Передвинутый, я опять окунулся в мою личную нирвану. Никаких эмоций, бездонное небо, солнце, нагревающее плечи, сжигающее уши и, если приподнять голову, надбровные дуги. Никаких желаний. Скулы и лицо постно обтягивает кожа. Жиров в рационе практически нет, и потому мы выглядим более постными, чем самые голодные монахи. Ну да, порой наш суп покрыт пленкой подозрительной и маслянистой, но это ОНО не усваивается никак организмом. Это заходит в полость рта и выбрасывается через задницу. Только и всего. От скудного рациона в колонии я сделался в несколько раз святее, чем был в тюрьме. Я скоро начну левитировать, то есть подниматься над серым асфальтом колонии. И буду висеть над ним. Еще в тюрьме мертвые стали мне ближе живых. Тогда я уже написал «Священные монстры». А в колонии я уже достиг умения когда угодно выходить из ситуации и входить в метафизический мир: летать беспрепятственно по Истории, проноситься над шершавыми боками ледяных железных и каменных планет или мог ползти тараканом по влажной плоти девочки с портрета. Колония! Наши офицеры! Наши козлы! Да что они могут такому сделать, как я, если я достиг этой безболезненной легкой святости. Какой там Приставкин, я дошел до того, что у меня появилась надежда выйти по УДО, Хозяин ведь зря не стал бы меня готовить, а мне все равно! Этого я от себя ожидал.

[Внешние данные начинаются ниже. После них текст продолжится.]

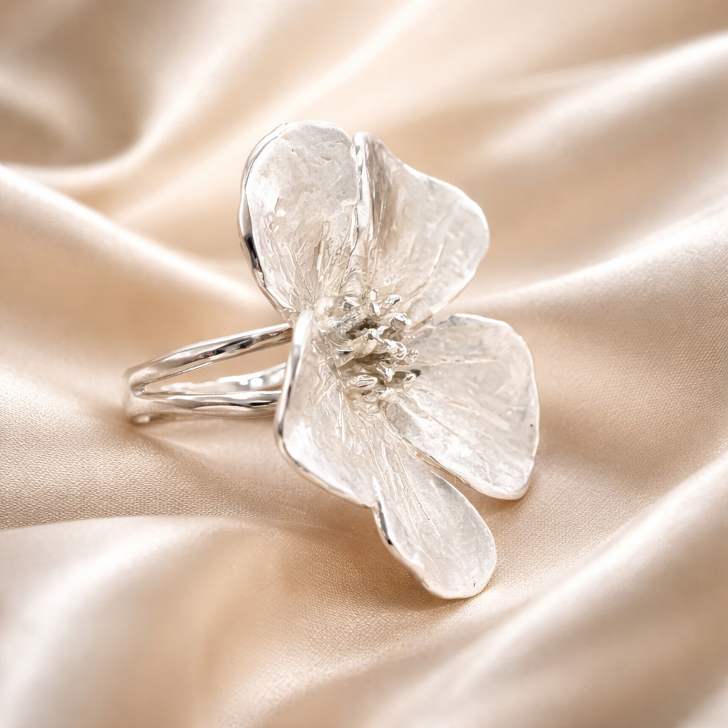 הטבעת שנפתחת לשתי זרועו חובקת את הפרח בחלקו התחתון
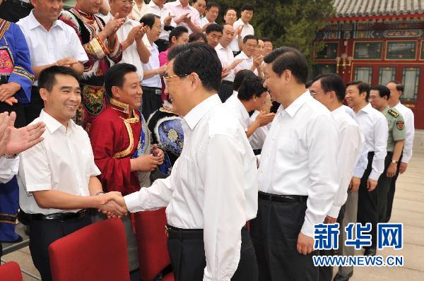 6月30日,中共中央在北京中南海懷仁堂召開深入開展創建先進基層黨組織、爭當優秀共產黨員活動座談會。會前,胡錦濤、習近平、賀國強等中央領導同志親切會見全國先進基層黨組織和優秀共產黨員代表。新華社記者黃敬文攝

Я так и думал, что доиграюсь с огнем, дойду однажды до того, что воспарю над вертухаями, дубаками, супами и кашами и что неволя, что воля будут мне единым временем.
Меня забрал Евстафьев, идущий к нам в 13-й отряд. Капитан сказал мне, что у него были на меня большие виды, что мои предложения (я по его просьбе сочинил две страницы предложений, среди прочего я предлагал читать заключенным лекции по пониманию истории и поведению человека в обществе) кажутся ему интересными. Но, кажется, так он понял сегодня по поведению Хозяина, меня придется проводить по УДО. Капитан вздохнул, может быть, ему хотелось меня помучить. Чуть позже он наказал Юрку Карлаша неделей строевых занятий на плацу только за то, что Юрка завел журнал не того вида, который он, наш психиатр, велел изготовить. Скажу, что Евстафьев, этот бэби-фэйс, распорядился приклеить к журналу большой конверт, где должны были располагаться психологические карточки заключенных, ну, там, сангвиник зэк или холерик, болел ли по психической части. Много всего на самом деле, психанкета из двадцати восьми вопросов… В наказание Юрка должен был после ужина и до отбоя несколько часов топать с другими наказанными по плацу. Он приходил изнуренный и усталый. Хромого, его бэби-фэйс наказал чрезмерно. У Юрки вообще нет недостатков. За что такого?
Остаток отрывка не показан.